Хозяйка вышла на веранду, а Салман стоял, заложив руки в карманы брюк, и то приподнимался на носки, то опускался на пятки, будто на качелях раскачивался, всем своим видом показывая, что не верит ни одному слову счетовода.
Ярмамед заискивающе улыбнулся, закрыл глаза и попытался прикинуться уснувшим, но на Салмана это не подействовало. Сильной рукою он встряхнул гостя, приказал:
- Говори правду!
Ярмамед огляделся, нет ли поблизости Назназ, и бодро сказал
- У собаки спросили, сколько раз на дню ее бьют? "А это зависит от того, - ответила бедняга, - сколько раз встречаюсь с сукиным сыном..." Вот и я, друг, встречаясь - и уже не один раз с сукиным сыном, в беду попал!

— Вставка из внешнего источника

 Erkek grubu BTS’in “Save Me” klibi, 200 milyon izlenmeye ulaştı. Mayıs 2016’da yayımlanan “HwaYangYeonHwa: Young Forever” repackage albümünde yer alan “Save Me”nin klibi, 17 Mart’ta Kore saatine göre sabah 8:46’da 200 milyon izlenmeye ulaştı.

- Точнее, - потребовал невозмутимый хозяин. - Точнее и короче!
- Куда уж короче? Ширзада знаешь? Такого вредителя земля еще не носила. Весь в папашу!

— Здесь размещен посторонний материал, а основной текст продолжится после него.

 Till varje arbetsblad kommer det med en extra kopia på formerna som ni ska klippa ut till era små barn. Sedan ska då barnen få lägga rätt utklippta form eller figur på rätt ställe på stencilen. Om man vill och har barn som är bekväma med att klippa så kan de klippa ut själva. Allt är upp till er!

- Э, не удаляйся в седую старину. Говори, в чем дело?
- А в том, что у Ширзада и Наджафа, клянусь богом, неслыханные претензии! Норовят захватить в свои руки весь колхоз! Ширзад председатель, комсомолец - в заместители... Слышал пословицу: "В глухом ущелье и лисица - бек!"? Соберут вокруг себя родных и приятелей и почем зря примутся грабить колхоз. А колхоз, - ты-то ведь знаешь! - что дойная корова: на дне подойника всегда кое-что останется.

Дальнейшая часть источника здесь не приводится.